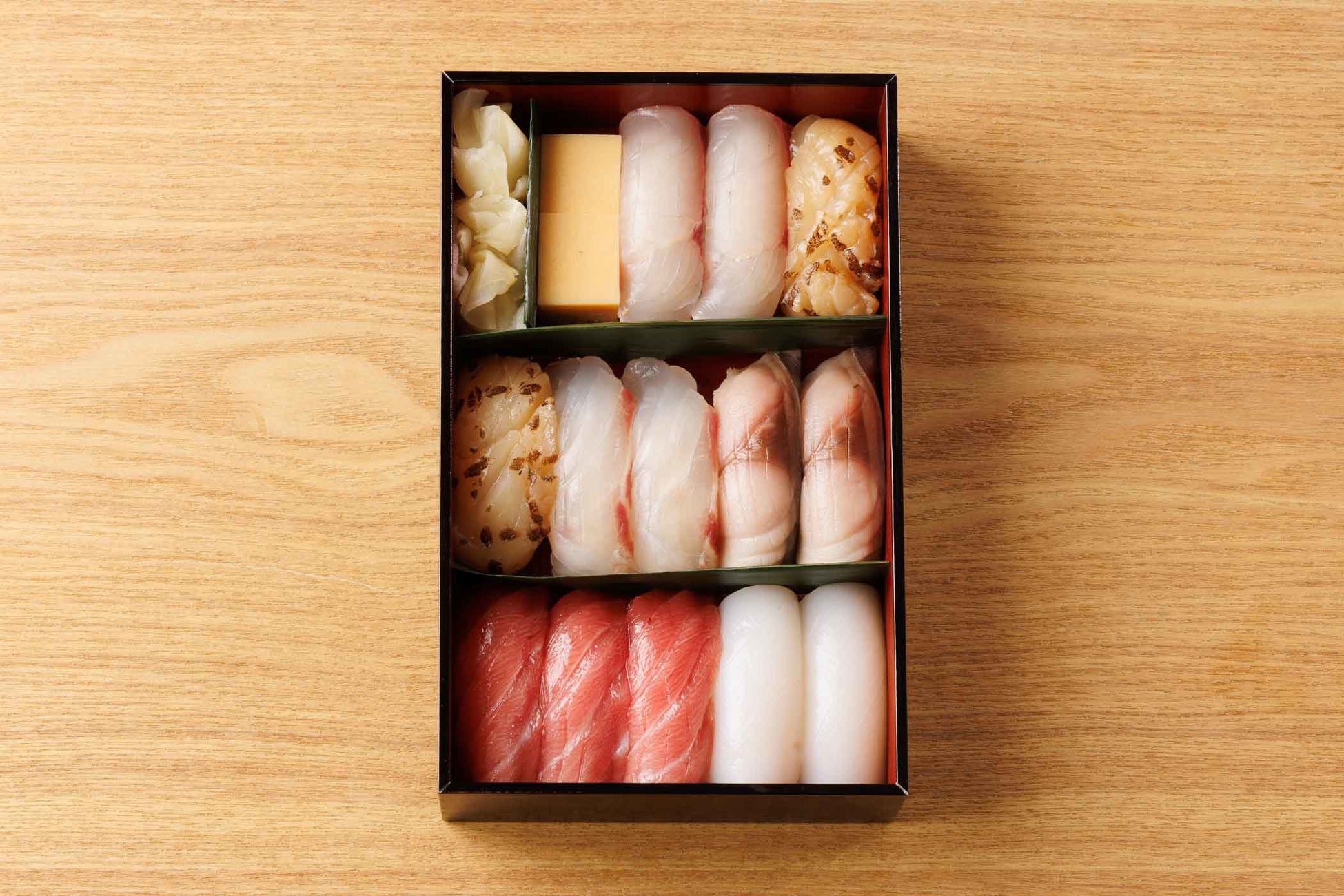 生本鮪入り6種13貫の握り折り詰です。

= = =

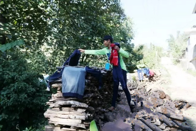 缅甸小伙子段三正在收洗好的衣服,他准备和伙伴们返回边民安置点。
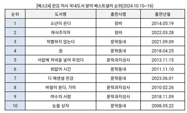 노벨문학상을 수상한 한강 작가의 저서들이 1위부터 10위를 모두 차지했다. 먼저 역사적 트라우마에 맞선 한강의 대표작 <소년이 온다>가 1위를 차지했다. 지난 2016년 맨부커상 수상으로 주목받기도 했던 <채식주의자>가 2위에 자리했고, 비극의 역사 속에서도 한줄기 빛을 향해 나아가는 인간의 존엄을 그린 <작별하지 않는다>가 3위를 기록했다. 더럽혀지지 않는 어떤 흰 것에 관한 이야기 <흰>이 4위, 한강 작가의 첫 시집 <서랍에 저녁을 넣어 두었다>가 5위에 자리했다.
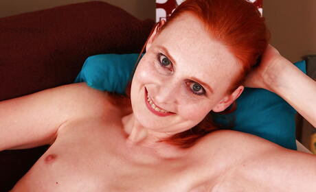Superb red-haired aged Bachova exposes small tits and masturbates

= = =

WHAT IS REQUIRED → All that should appear in the answer is the lines above from the line with "노벨문학상을 수상한 한강" through the line with "Superb red-haired aged", retyped exactly, pictures left out.

YOUR RESPONSE →
 노벨문학상을 수상한 한강 작가의 저서들이 1위부터 10위를 모두 차지했다. 먼저 역사적 트라우마에 맞선 한강의 대표작 <소년이 온다>가 1위를 차지했다. 지난 2016년 맨부커상 수상으로 주목받기도 했던 <채식주의자>가 2위에 자리했고, 비극의 역사 속에서도 한줄기 빛을 향해 나아가는 인간의 존엄을 그린 <작별하지 않는다>가 3위를 기록했다. 더럽혀지지 않는 어떤 흰 것에 관한 이야기 <흰>이 4위, 한강 작가의 첫 시집 <서랍에 저녁을 넣어 두었다>가 5위에 자리했다.
Superb red-haired aged Bachova exposes small tits and masturbates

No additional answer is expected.